1. Release string interpolation:

filename = cfg.builds[cfg.build]["gtf"].format(release=cfg.release)
# "Homo_sapiens.GRCh38.{release}.gtf" → "Homo_sapiens.GRCh38.112.gtf"

Why: Flexible release management without config changes

2. Build-specific defaults:

GRCh37:
  default_release: "87"  # Last Ensembl release for GRCh37

Why: Sensible defaults per build, overridable via env vars

3. Base model metadata:

base_models:
  spliceai:
    training_build: "GRCh37"
    annotation_source: "ensembl"

Why: Encode which build/annotation each model was trained on

Usage Patterns¶

Basic Resource Access¶

from agentic_spliceai.splice_engine.config import config, filename

# Get GTF path for current build
gtf_file = config.get_data_dir() / filename("gtf", config)

# Get FASTA path
fasta_file = config.get_data_dir() / filename("fasta", config)

# Get derived dataset
splice_sites = config.get_data_dir() / config.derived_datasets["splice_sites"]

Multi-Build Support¶

# Get paths for specific build
grch37_dir = config.get_data_dir("GRCh37")
grch38_dir = config.get_data_dir("GRCh38")

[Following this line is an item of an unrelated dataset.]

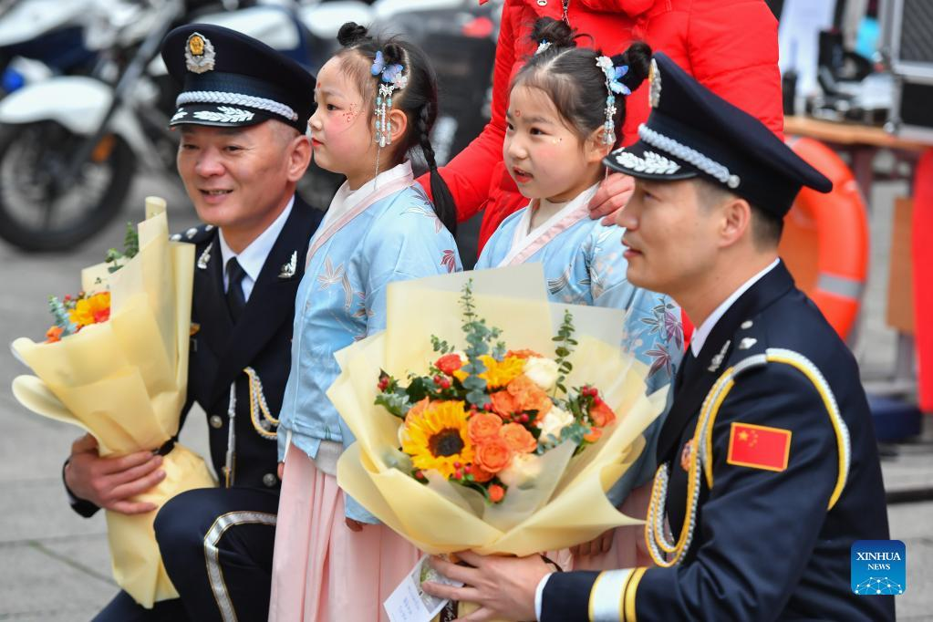 Children pose for photos with police officers in Xiangtan City, central China's Hunan Province, Jan. 10, 2022. Activities were held to mark the second Chinese People's Police Day, which falls on Monday. (Xinhua/Chen Zeguo)

# Get build for base model
spliceai_build = config.get_base_model_build("spliceai")  # "GRCh37"
openspliceai_build = config.get_base_model_build("openspliceai")  # "GRCh38"

Environment Overrides¶

# Override via environment variables
export SS_BUILD=GRCh37
export SS_RELEASE=87
export SS_DATA_ROOT=/mnt/shared/genomic_data

python run_prediction.py  # Uses GRCh37, release 87

Testing with Isolated Data¶

# Tests can override data_root
test_config = load_config()
test_config.data_root = Path("tests/fixtures/data")

Best Practices¶

DO ✅¶

Use the config everywhere:

from agentic_spliceai.splice_engine.config import config
data_dir = config.get_data_dir()

Make paths absolute:

# Config resolves to absolute paths
assert config.data_root.is_absolute()  # True

Use pathlib:

from pathlib import Path
path = config.data_root / "subdir" / "file.txt"

Environment overrides for deployment:

# Production
export SS_DATA_ROOT=/mnt/shared/data

# Development
export SS_DATA_ROOT=./data

DON'T ❌¶

Hardcode paths:

# BAD
data_dir = "/Users/me/data"  # Breaks on other machines

String concatenation:

# BAD
path = data_dir + "/" + subdir + "/" + filename  # Not cross-platform

Relative imports for data:

# BAD
data_path = "../../data/file.txt"  # Depends on execution location

Scattered configuration:

# BAD - different modules with different defaults
# module1.py
DEFAULT_BUILD = "GRCh38"
# module2.py
GENOME_BUILD = "GRCh37"

Integration with Other Systems¶

Artifact Management¶

ArtifactManager uses resource config to determine output paths:

class ArtifactManager:
    def __init__(self, base_model: str):
        from ..config import config
        self.registry = config
        self.base_dir = config.get_data_dir() / f"{base_model}_eval"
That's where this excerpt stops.